(Exercise brief):
From the line containing "Picked up a" down to the line containing "When you mix" in the records below, reproduce every line exactly, ends included, and omit all others.

··· Provided information

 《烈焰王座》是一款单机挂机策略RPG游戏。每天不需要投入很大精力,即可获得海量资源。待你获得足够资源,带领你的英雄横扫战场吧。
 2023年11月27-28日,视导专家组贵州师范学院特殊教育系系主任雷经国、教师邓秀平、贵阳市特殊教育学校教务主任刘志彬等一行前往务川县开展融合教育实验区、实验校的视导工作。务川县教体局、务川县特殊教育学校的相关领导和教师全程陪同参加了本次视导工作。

······
··· Provided information

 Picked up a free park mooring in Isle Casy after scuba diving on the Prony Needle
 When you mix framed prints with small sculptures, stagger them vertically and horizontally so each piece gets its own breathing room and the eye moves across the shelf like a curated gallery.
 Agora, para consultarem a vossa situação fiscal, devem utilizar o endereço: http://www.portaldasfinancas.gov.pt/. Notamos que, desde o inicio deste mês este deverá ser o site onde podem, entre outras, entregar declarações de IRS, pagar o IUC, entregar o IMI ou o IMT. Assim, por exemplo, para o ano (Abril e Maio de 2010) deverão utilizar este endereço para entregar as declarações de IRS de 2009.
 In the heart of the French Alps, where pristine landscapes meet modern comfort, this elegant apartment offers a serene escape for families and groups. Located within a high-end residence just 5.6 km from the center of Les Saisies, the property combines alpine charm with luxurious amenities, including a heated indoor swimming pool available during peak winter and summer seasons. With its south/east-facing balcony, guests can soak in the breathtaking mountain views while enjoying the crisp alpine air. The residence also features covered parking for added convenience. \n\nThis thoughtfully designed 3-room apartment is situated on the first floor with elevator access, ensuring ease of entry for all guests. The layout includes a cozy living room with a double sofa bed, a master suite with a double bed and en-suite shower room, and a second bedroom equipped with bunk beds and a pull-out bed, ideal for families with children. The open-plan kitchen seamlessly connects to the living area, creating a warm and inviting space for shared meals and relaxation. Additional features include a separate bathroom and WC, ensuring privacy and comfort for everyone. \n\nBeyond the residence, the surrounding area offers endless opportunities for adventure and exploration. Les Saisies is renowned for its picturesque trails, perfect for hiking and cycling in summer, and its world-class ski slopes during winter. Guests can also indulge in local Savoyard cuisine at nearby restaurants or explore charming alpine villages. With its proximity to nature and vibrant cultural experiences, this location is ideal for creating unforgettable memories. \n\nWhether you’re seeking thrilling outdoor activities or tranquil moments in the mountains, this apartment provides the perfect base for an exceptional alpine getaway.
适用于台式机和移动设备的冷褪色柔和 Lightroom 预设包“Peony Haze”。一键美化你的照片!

······
··· Provided information

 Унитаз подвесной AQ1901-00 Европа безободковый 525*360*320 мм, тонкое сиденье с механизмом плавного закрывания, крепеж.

······

(Answer space):
 Picked up a free park mooring in Isle Casy after scuba diving on the Prony Needle
 When you mix framed prints with small sculptures, stagger them vertically and horizontally so each piece gets its own breathing room and the eye moves across the shelf like a curated gallery.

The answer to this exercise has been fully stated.